▸ **THE RECORDS**:
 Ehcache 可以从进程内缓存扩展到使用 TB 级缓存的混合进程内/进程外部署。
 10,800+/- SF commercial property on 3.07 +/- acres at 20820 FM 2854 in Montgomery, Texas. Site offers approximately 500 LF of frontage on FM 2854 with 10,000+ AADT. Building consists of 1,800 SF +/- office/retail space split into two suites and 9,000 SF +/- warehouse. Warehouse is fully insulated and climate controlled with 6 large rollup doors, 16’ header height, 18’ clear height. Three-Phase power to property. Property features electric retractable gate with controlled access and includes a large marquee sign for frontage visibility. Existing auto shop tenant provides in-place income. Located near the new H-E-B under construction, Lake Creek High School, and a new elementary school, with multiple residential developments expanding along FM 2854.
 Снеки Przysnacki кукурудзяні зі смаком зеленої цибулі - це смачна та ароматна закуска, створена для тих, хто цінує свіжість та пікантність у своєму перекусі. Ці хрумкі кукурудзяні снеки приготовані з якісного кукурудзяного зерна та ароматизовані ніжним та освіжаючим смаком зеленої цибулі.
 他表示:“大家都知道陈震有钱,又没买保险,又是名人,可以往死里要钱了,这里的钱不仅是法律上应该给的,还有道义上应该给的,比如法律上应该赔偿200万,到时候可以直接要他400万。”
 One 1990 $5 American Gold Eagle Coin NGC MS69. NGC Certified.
...
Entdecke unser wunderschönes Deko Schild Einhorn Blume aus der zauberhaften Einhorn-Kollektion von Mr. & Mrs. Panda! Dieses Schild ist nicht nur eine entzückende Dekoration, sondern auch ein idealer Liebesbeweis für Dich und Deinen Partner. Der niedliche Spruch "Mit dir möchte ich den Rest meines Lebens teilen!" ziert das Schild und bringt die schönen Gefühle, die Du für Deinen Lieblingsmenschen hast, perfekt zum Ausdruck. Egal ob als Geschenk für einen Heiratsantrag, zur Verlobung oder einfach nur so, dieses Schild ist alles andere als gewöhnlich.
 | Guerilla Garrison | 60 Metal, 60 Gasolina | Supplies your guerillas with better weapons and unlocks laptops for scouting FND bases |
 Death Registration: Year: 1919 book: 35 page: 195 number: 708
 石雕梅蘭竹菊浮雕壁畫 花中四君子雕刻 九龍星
...
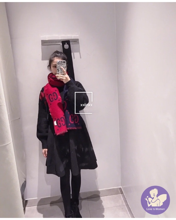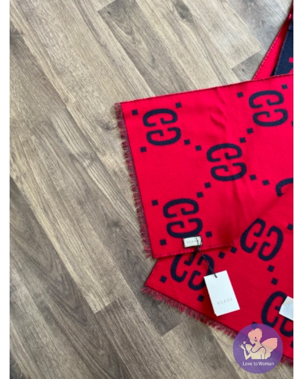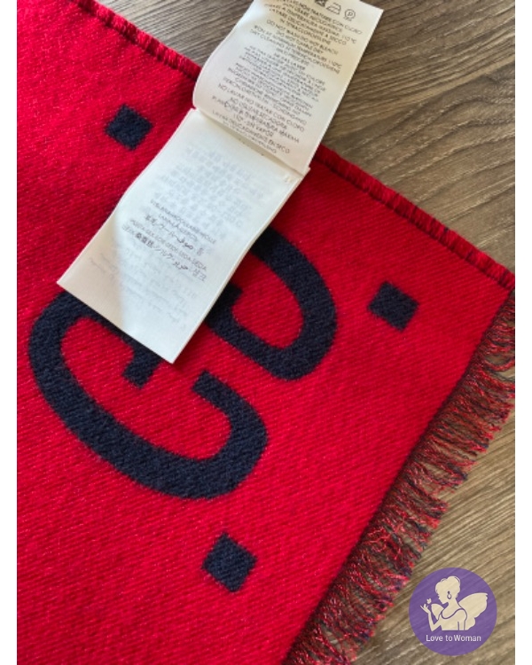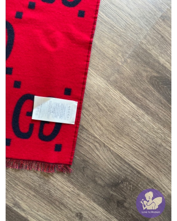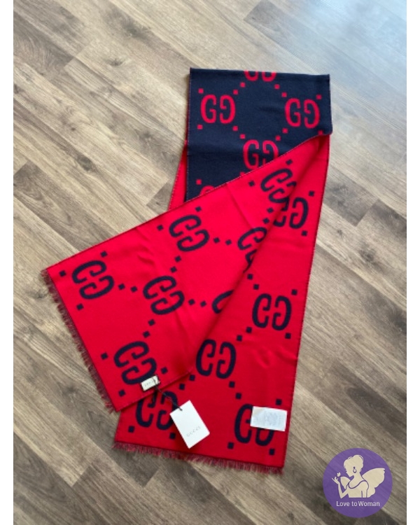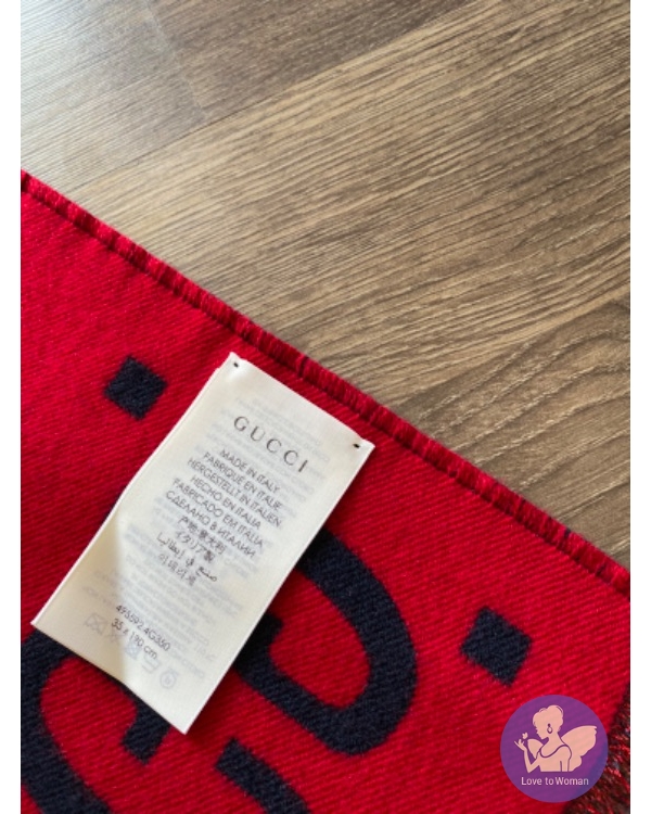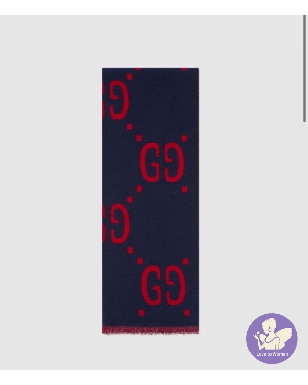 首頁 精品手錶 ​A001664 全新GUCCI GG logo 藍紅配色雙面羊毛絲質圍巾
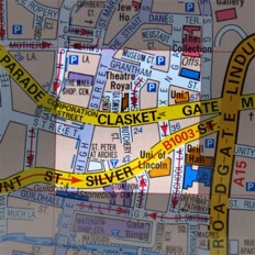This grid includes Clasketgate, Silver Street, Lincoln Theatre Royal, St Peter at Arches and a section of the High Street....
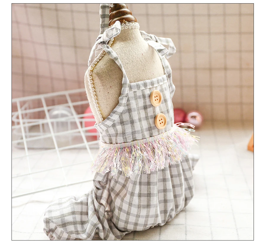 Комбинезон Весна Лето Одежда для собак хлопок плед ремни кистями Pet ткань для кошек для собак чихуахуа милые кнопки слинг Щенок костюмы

▸ **EXERCISE**:
Using the records above, set down exactly the lines from the one with "Death Registration: Year: 1919" through the one with "石雕梅蘭竹菊浮雕壁畫 花中四君子雕刻 九龍星", inclusive, and nothing more.

▸ **RESPONSE BOX**:
 Death Registration: Year: 1919 book: 35 page: 195 number: 708
 石雕梅蘭竹菊浮雕壁畫 花中四君子雕刻 九龍星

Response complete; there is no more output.